China banned Bitcoin, and other foreign and domestic cryptocurrencies, in 2017.
Is Bitcoin Legal in China?
It is not illegal to hold Bitcoin or other cryptocurrencies, but the country bans the digital exchange.
In China, Bitcoin is not a legal tender, and there are no safety features protecting users from fraud. Therefore, you cannot use Bitcoin or other cryptocurrencies as actual currency.
Additionally, financial institutions cannot offer services related to Bitcoin or other cryptocurrencies (including trading).
When Will China Approve Cryptocurrency Exchanges?
There’s no telling if or when that will happen. A recent report indicates even searching for crypto exchanges on China’s internet is impossible.
Keywords related to popular trading platforms, like Binance, now produce no results.
How Long Will China’s Cryptocurrency Ban Last?
In China, cryptocurrency has met with restriction after restriction by the Chinese government.

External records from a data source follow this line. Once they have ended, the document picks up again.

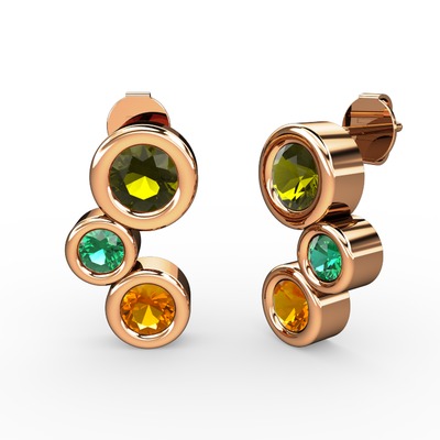 Sitrin, peridot ve yeşil kuvars 18 ayar rose altın küpe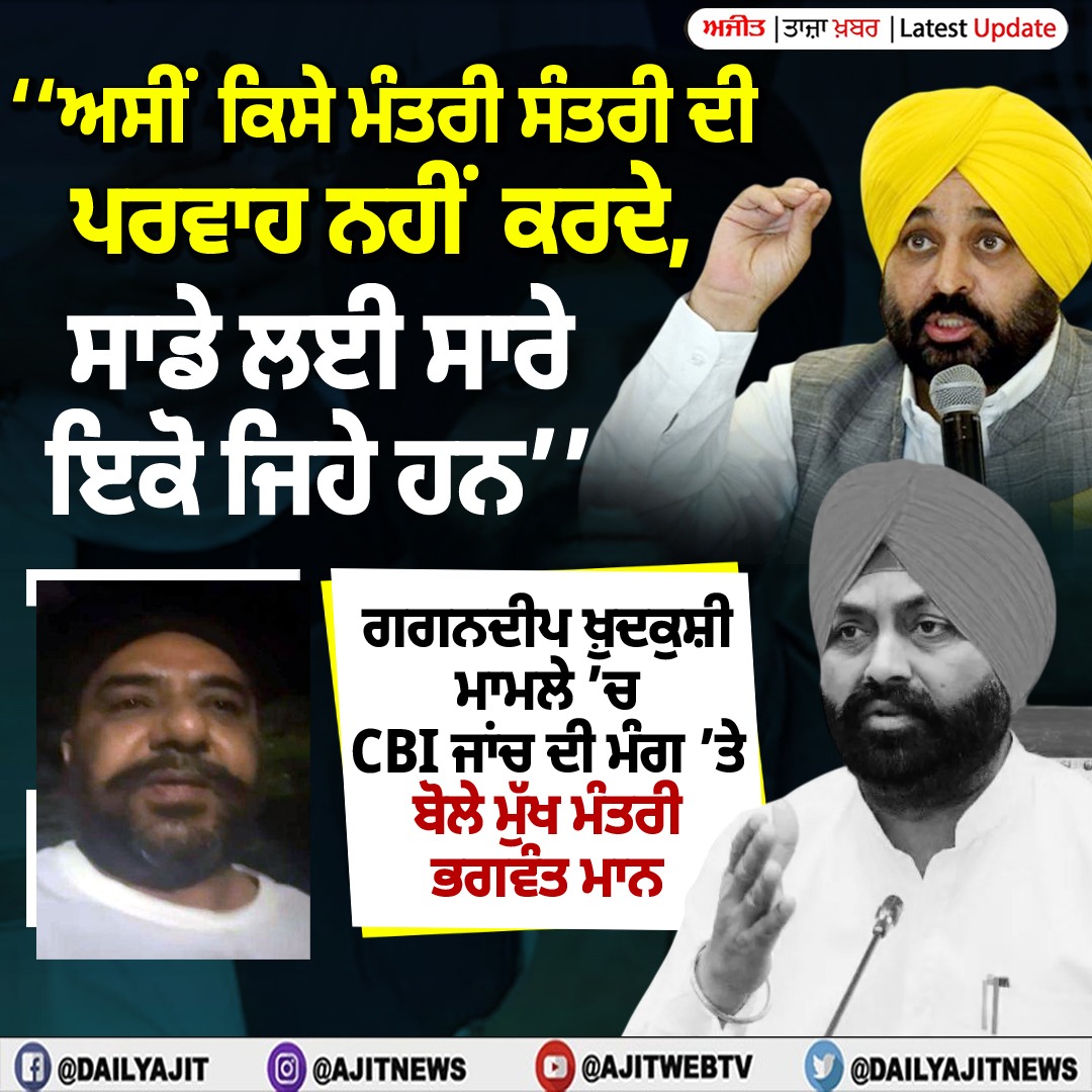 ਚੰਡੀਗੜ੍ਹ, 24 ਮਾਰਚ- ਪੰਜਾਬ ਦੇ ਮੁੱਖ ਮੰਤਰੀ ਭਗਵੰਤ ਮਾਨ ਅੱਜ ਆਪਣੇ ਚੰਡੀਗੜ੍ਹ ਨਿਵਾਸ ਸਥਾਨ 'ਤੇ ਪ੍ਰੈਸ ਕਾਨਫ਼ਰੰਸ ਕਰਨਗੇ। ਗੁਦਾਮ ਅਧਿਕਾਰੀ ਦੀ ਖੁਦਕੁਸ਼ੀ ਮਾਮਲੇ ਵਿਚ ਸਾਬਕਾ ਮੰਤਰੀ ਅਤੇ ਵਿਧਾਇਕ ਲਾਲਜੀਤ ਸਿੰਘ ਭੁੱਲਰ ਦੀ ਗ੍ਰਿਫ਼ਤਾਰੀ ਤੋਂ ਬਾਅਦ ਇਹ ਮੁੱਖ ਮੰਤਰੀ ਦੀ ਪਹਿਲੀ ਪ੍ਰੈਸ ਕਾਨਫਰੰਸ ਹੈ।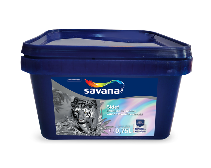Vopseaua  SAVANA SIDEF  oferă un finisaj de lux pentru pereții și tavanele interioare. Formula sa pe bază de dispersii apoase acrilice asigură aplicare uniformă, peliculă superlavabilă și un efect sidefat elegant,  potrivit pentru decoruri rafinate.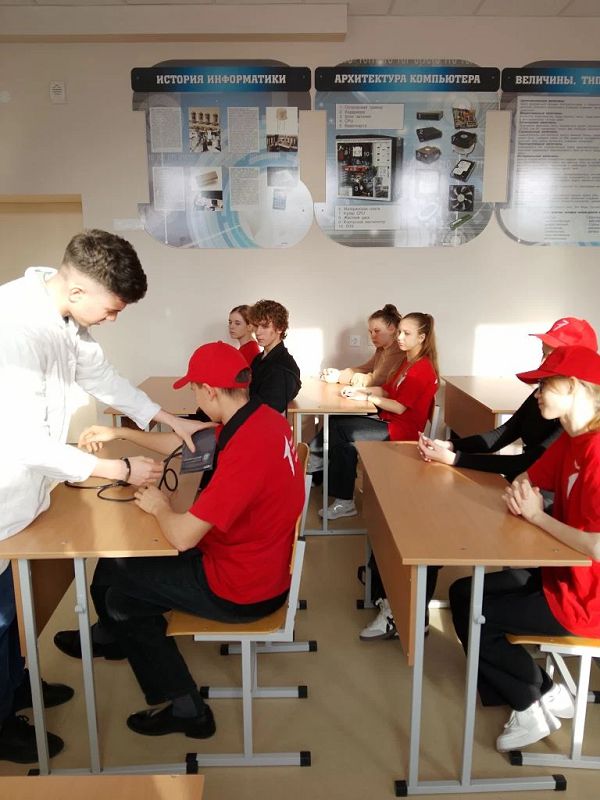 16 января к Первым пришел в гости выпускник нашей школы, а теперь студент 4 курса лечебного факультета Медицинского института Пензенского государственного университета Атинян Эдгар. Эдгар рассказал о выбранной профессии хирурга и об особенностях обучения на факультете. В конце занятия обучающиеся учились измерять давление.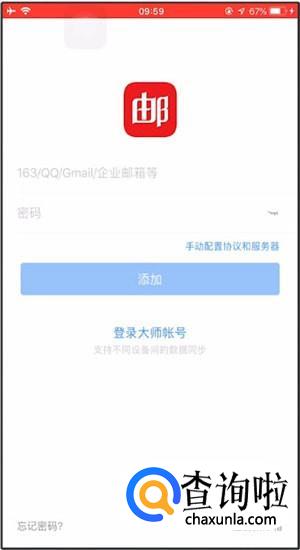 对于第一次运行此软件的手机而言,此时将出现“添加邮箱” 的新页面。在登陆栏中填写自己的126邮箱账号,在其下方密码栏填写对应的邮箱密码。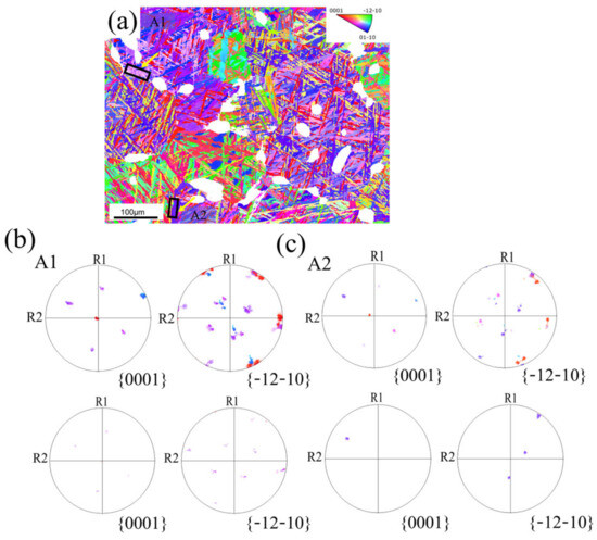 During the phase transition, the difference in the lattice parameters between the two phases results in the accumulation of strain energy, while the formation of interfacial energy is caused by the appearance of the interface between the two phases. Therefore, the preferential nucleation of αs at grain boundaries reduces both the interfacial and strain energies [30], thereby facilitating the selection of specific α variants with preferential nucleation at the grain boundaries. After aging treatment, the α boundaries have lath-shaped nuclei exhibiting a similar orientation bias toward {0 1 −1 0}, as indicated by the black frame in Figure 8a, contributing to the formation of a specific αs texture. The lamellar α phase oriented in the {0 1 −1 0} direction is evident in these two regions, while the lamellar α phase of this orientation is coarsened at the boundary, which can be further concluded using the polar diagrams. Pole figures representing the orientation at the α boundaries in A1/A2 are depicted in Figure 8b,c, illustrating a clear preference for {0 1 −1 0} orientation in both A1 and A2 regions. This tendency may arise from the limited nucleation of new variants during the aging treatment, coupled with the coalescence of grain boundaries into broad α-phase laths over an extended holding time [8,31]. Consequently, these behaviors contribute to the enhanced intensity of the {0 1 −1 0} texture.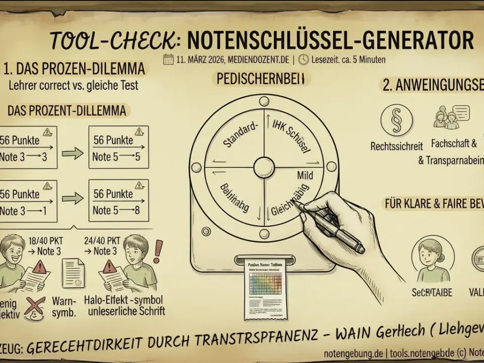 Notenrechner: Was das Tool kann – und warum es das tut Kategorie: Tools Lesezeit: ca. 7 Minuten Was kann das Tool? Der Notenrechner wandelt Punkte in […]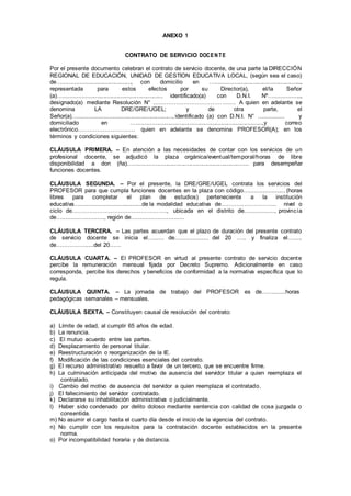 Este contrato establece los términos y condiciones del acuerdo entre una Dirección Regional de Educación y un profesor para que este último preste servicios docentes. El contrato especifica la plaza y la institución educativa a la que será asignado el profesor, el período de duración del contrato, la remuneración y beneficios que recibirá el profesor, su jornada laboral, las causales por las cuales el contrato puede resolverse, y que el acuerdo estará sujeto a la jurisdicción de los tribunales del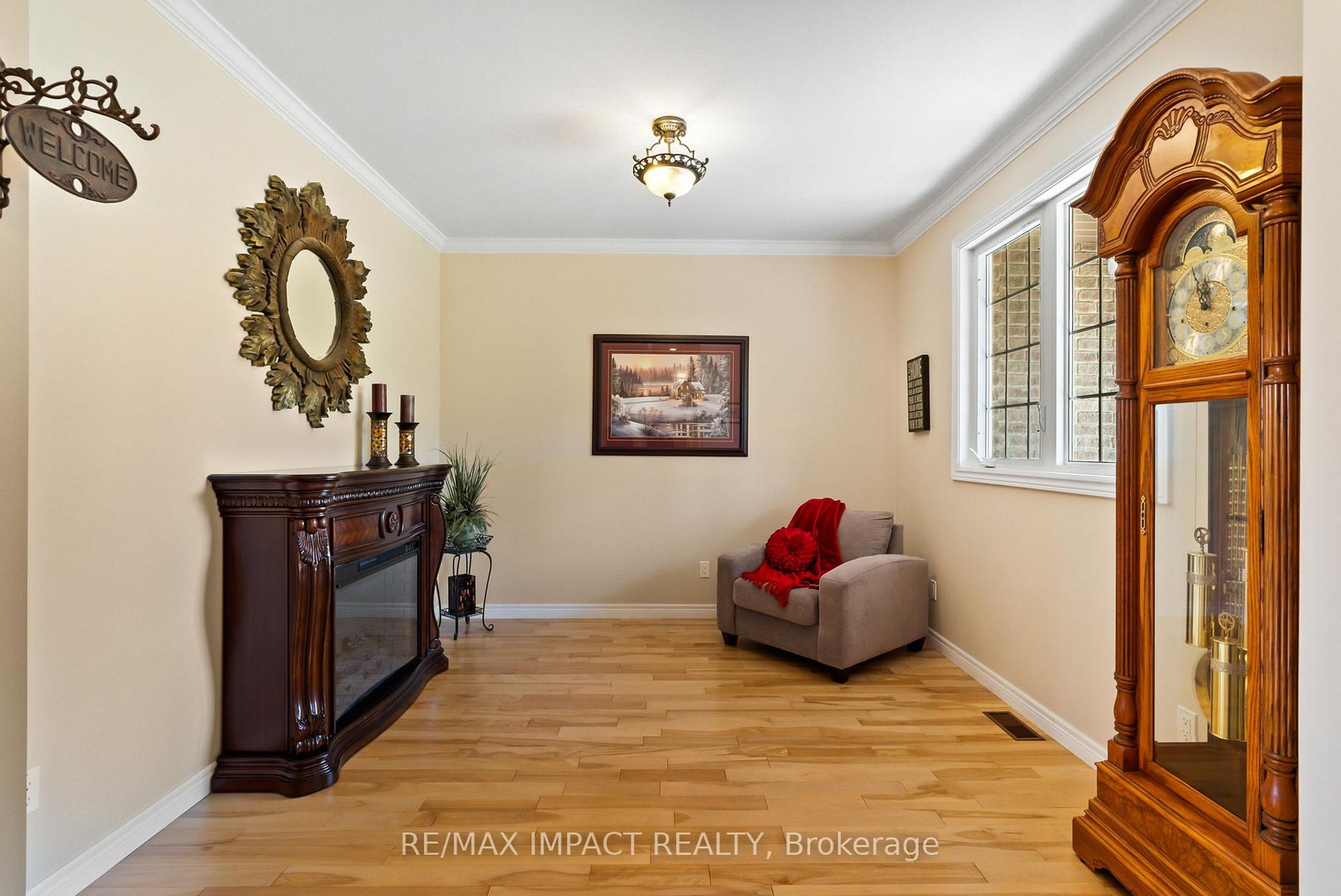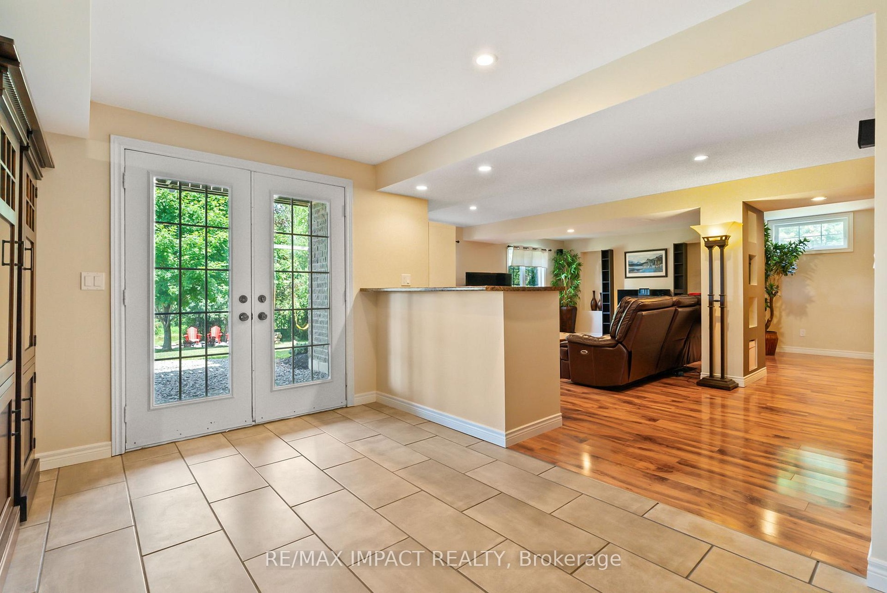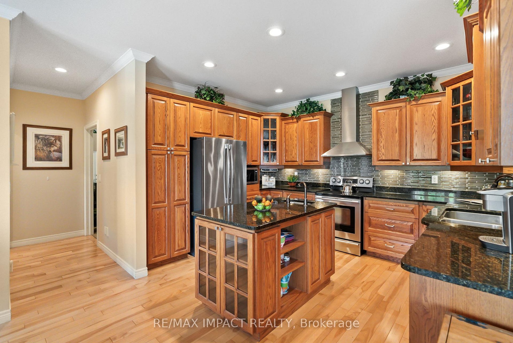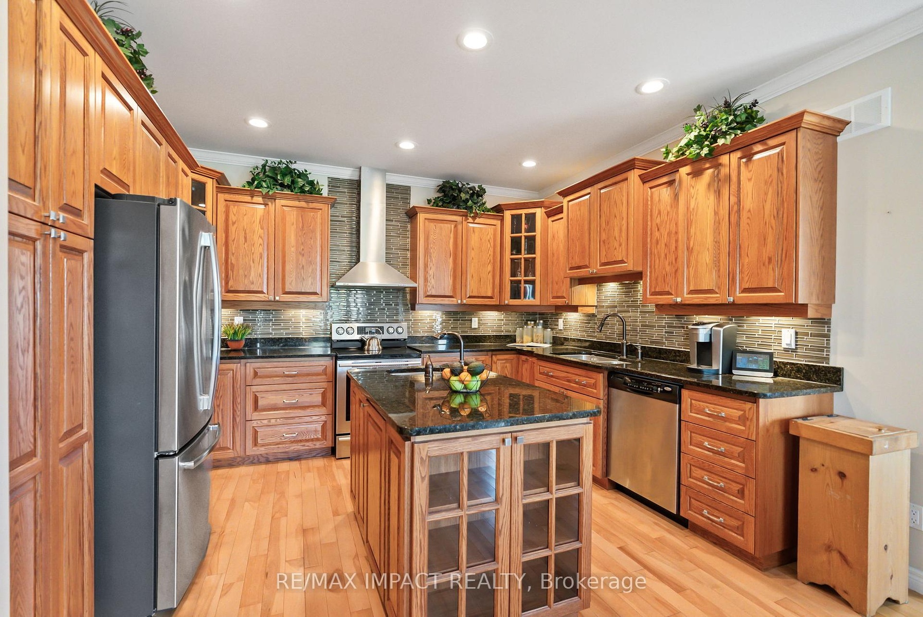 DescriptionImpressive custom brick/stone bungalow, boasting over 2500 sf of luxurious living space on the main level plus full walkout basement and attached heated 3-car garage with 2 overhead doors. Nestled on an expansive 1.74 acres, this home offers a serene lifestyle with panoramic views overlooking farmlands and the Cavan Hills, complete with a spring-fed pond, ranging from 10-14 deep. As you enter the front foyer, there is a convenient den plus the grandeur of a spacious great room, accentuated by a striking stone fireplace and a unique waffle-patterned feature wall. Gleaming hardwood floors flow throughout the home with an abundance of crown mouldings and pot lights. The chefs kitchen is a culinary delight, equipped with stainless steel appliances, a granite countertop, ceramic backsplash, and an island with a veggie sink. The adjacent large dining area opens onto a generous deck, designed with tempered regal glass for unobstructed views of the backyard and fire pit area, ideal for entertaining friends and family. The main floor features 4 well-appointed bedrooms, including a primary suite that includes a walkout to the deck, a luxurious 5-pc ensuite with dual sinks, a separate shower and a whirlpool tub, all complemented by a stylish barn door privacy feature. The primary suite also boasts a walk-in closet with built-in shelving for optimal organization. Two of the additional bedrooms share a convenient Jack and Jill bathroom, while a third bedroom is situated near the 2-pc powder room. The walkout basement includes large above-grade windows that flood the space with natural light, a cozy family room complete with an electric infinity fireplace and a dry bar, 3-pc washroom and a huge open area with extra plumbing rough-ins, perfect for customization. The basement also features ample storage, making it an excellent option for a multi-generational living arrangement with its separate entrances and walkout basement.Amenities- Air Exchanger

This tightening of regulation has only increased since 2017 when local exchanges were forced to shut down.
China banning cryptocurrency is no recent affair, and the ban on bitcoin does not have any slated end date.
That said, cryptocurrency in China seems to be taking another route. Test trials of the digital yuan, a Chinese cryptocurrency regulated by the government, rolled out in 2020.
Digital currency acts as legal tender alongside physical bills and coins. Rather than add more money to the economy, it’s meant to replace physical fiat currency over time.
As the efforts of the Chinese government focuses on retaining the sovereignty of the yuan and crypto restrictions continue to tighten, it’s safe to say the Bitcoin ban will remain for a while longer.